Five Writing Secrets I Learned From Genesis

Today’s guest post is brought to you by Ben Emerson, one of the extraordinary (I’ve been using that word a lot lately, thanks to Ramona Quimby) folks I met over at BlogRocket. He’s at the beginning of a monumental undertaking – blogging about each and every chapter in the Bible, starting with Genesis and working his way through.

Today he’s taking a break from his normal exegetical style and providing us with something a little different: Five Writing Secrets I Learned From Genesis (the book of the Bible, not the musical band that brought us “I Can’t Dance” and “Tonight, Tonight, Tonight”). Enjoy!

A couple of months ago I decided that I wanted to blog through the entire Bible. I work in ministry and (confession!) have never actually read through it. So it was about time to buck up and go for it. I am nearing the completion of Genesis, the first book of the Bible, and was surprised to find so many helpful little nuggets about writing.

What follows is my humble contribution to Shawn’s “Five Writing Secrets I Learned From . . .” series.

1) Words matter.

I know, I know. Obvious right? But we often forget the strength of our words.

God uses words to create the world.
Noah uses words to curse his grandson. (who’s descendants will become Israel’s enemies. Coincidence? I think not.)

Just be careful how you use those things okay? They are powerful.

2) Learn From Those Who Came Before

Isaac was an apple that didn’t fall too far from the tree. He and his old man had a “wonderful” habit of lying that their wives were their sisters. And this never caused any problems for anyone!

You can do this with writers you admire. Learn form what they do. Try and emulate them. But try to do it with things that are actually, you know, helpful.

3) Get to the Point.

I would like to quote, verbatim, Jacob’s request to marry Rachel to her father.

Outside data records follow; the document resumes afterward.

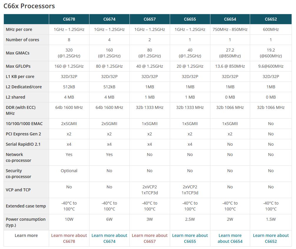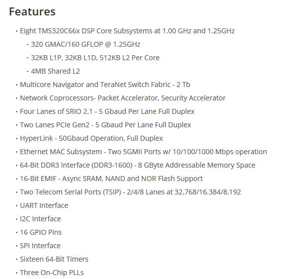 TMS320C6678具有8个TMS320C66x™ DSP Core ,每个核可以运行在1.0 GHz或 1.25 GHz或 1.4 GHz。
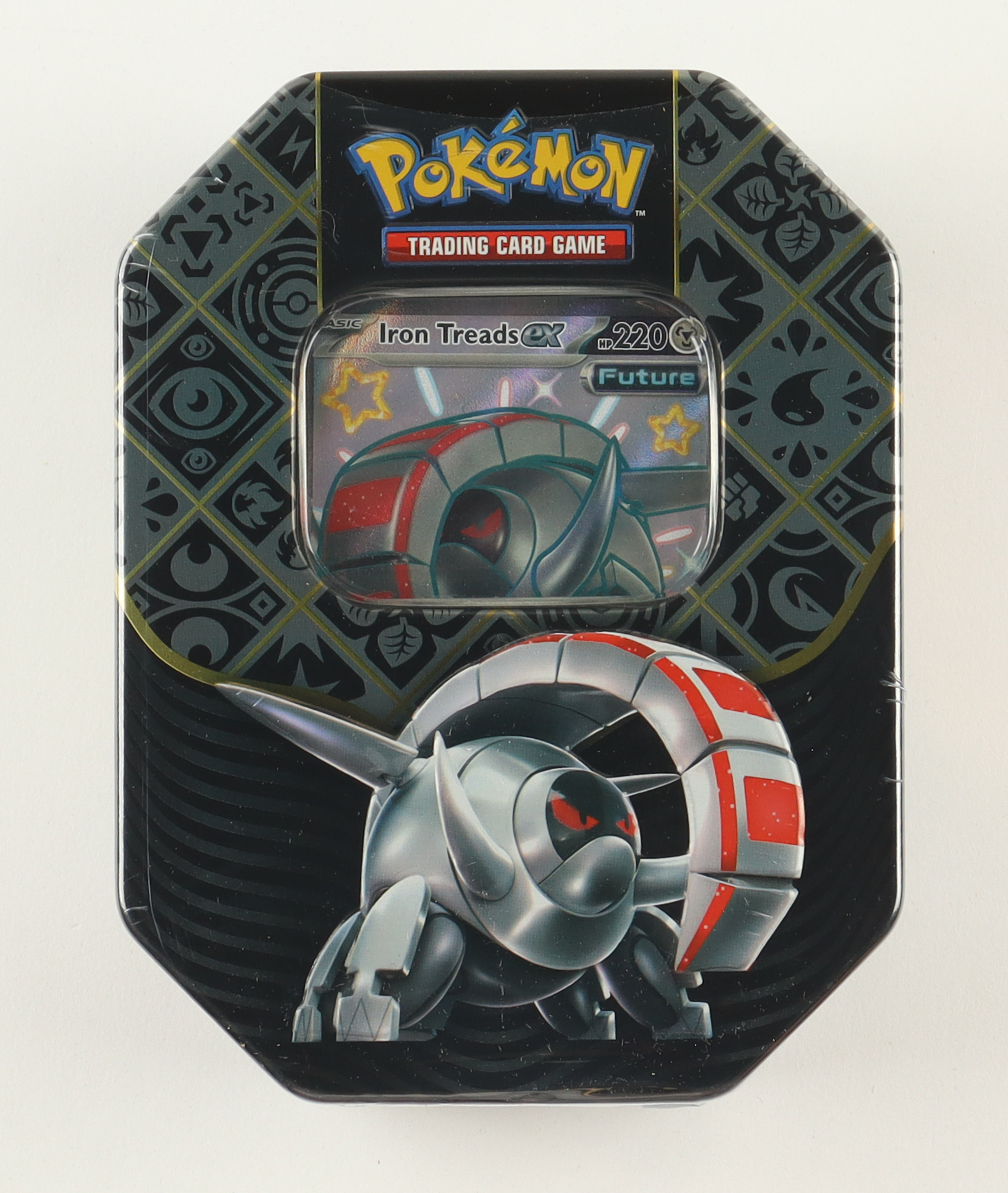 Behold the breathtaking power of Shiny Pokémon ex who transcend the boundaries of time and type! With this tin, choose the iron-clad determination of Iron Treads ex as a Future Pokémon, then discover even more awesome cards in Scarlet & Violet—Paldean Fates booster packs!
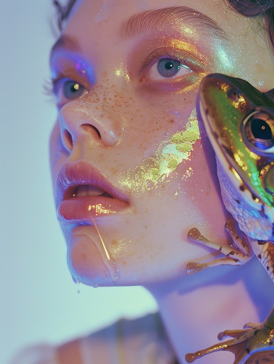 Создано на основе запроса: Close up of a princess with a big glossy frog near her face, The background is white studio wall. The overall tone is clean and high-fashion, futuristic but nostalgic and retro with a quiet intensity. Captured in soft, flat lighting, with low contrast. Shot in retro 90s Kodak Provia film style, inspired by Petra Collins, Namae Koi, and poetic fashion surrealism. --- Автоперевод: Крупный план принцессы с большой глянцевой лягушкой возле ее лица, фон - белая стена студии. Как тебе такая генерация? 🤔 https://dzen.ru/id/65c0c65c86e4f837c27b24d7 #ИИ #AI #нейросеть #midjourney #art
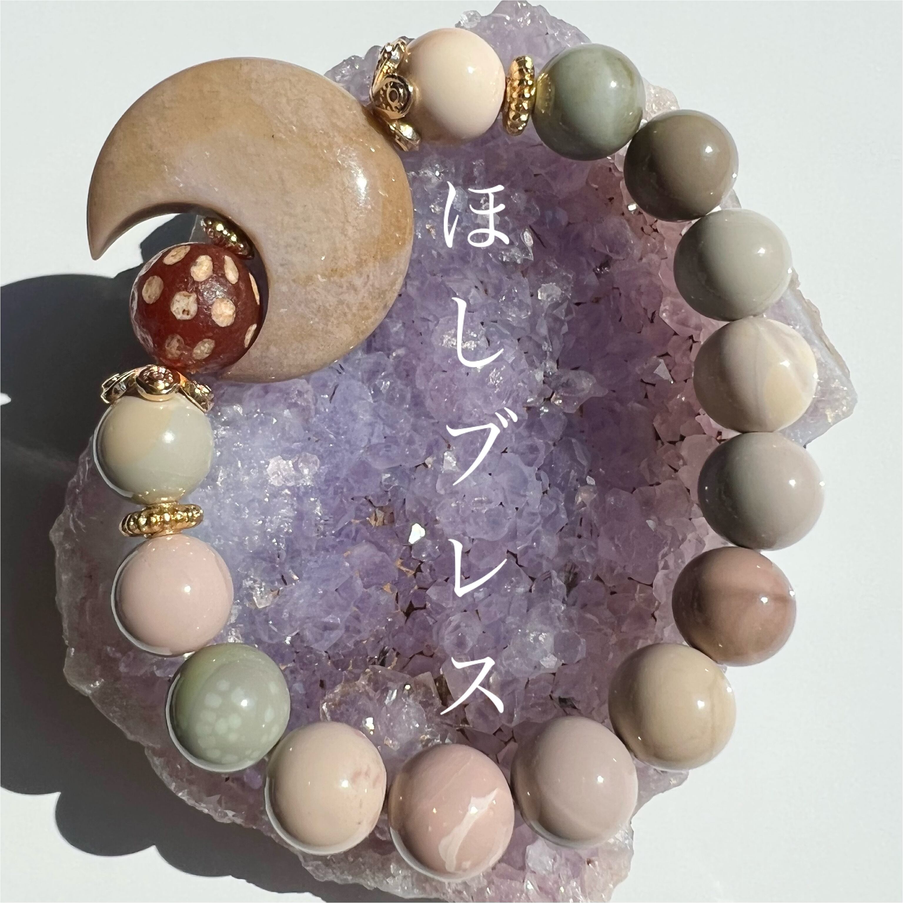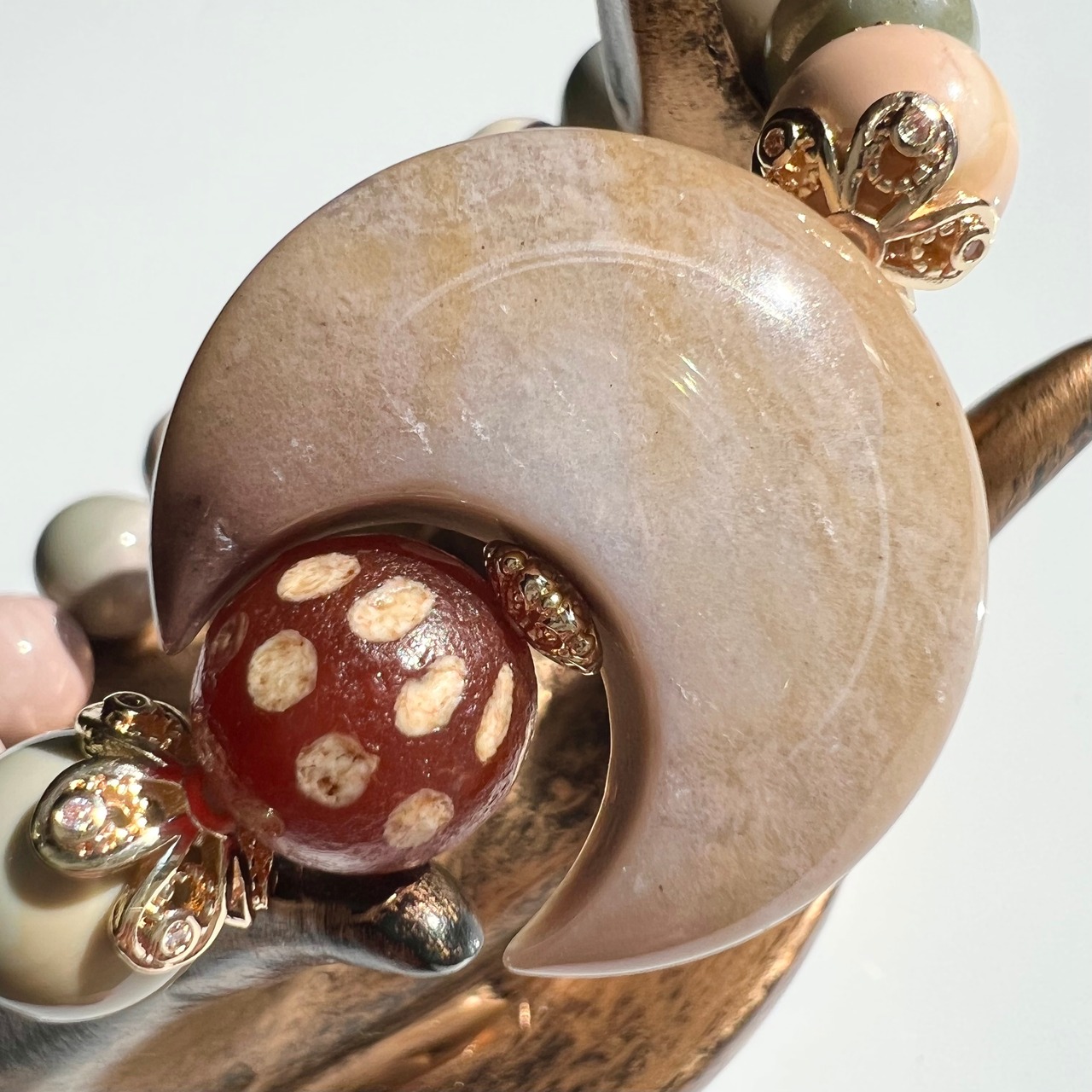 くすんだパステルカラーが可愛いアラシャン瑪瑙の三日月と丸玉のブレスに、星空と三日月をイメージし赤い満天天珠をあしらいました

“Give me my wife that I may go in to her, for my time is completed.”

Did you notice how quickly he got to the point? That guy wasn’t messing around with superfluous verbosity. Neither should you!*

4) Never Let Your Guard Down

Just ask Jacob.

He was just minding his own business when BAM! Out of the bushes came God like a fearsome jungle cat. Jacob was ready and they fought until dawn.

Are you ready for the inspiration that might attack you out of nowhere? I recommend always having a notepad, a pencil, and chain-mail.

5) Stay Focused

God spends a lot of time blessing people: Humanity, Noah, Abraham, Isaac, Ishmael, Sarah, Jacob and others.

He remembers the plot to his own story and doesn’t stray from it. He focuses on his mission to bless the whole world.

A writing project is always better when it has a focus and sticks to it.

*Disclaimer: I mean this in the writing sense. I DO NOT under ANY CIRCUMSTANCES recommend saying what Jacob said to ANYONE.

There you have it. Now head on over to Ben’s blog and track his progress through the Bible. If you’re coming over here from over there and thought this sounded like a fun exercise, you could also check out:

Five Writing Secrets I Learned From the Princess Bride
Five Writing Secrets I Learned From Dumb and Dumber
Five Writing Secrets I Learned From the Movie “Inception”

7 Replies to “Five Writing Secrets I Learned From Genesis”

  1. Although, It wouldn’t be difficult to write “5 writing secrets I learned from Genesis . . . the band.”

    #1) Focus on your strengths. If you can’t dance but know that there is something special about the way you walk, become the best walker you can.

  2. I’ve been trying to practice #2 specifically in my writing. Although I tend to “steal” more than “emulate.”

    FTR – a guy could quote Jacob to my Mom and if he had a paycheck and a place to stay, she would be all in.

  3. @Ben, I LOVE your current writing project – it is must reading for any believer! I agree that the best content has focus and direction (lessons I’m learning through the BlogRocket community)!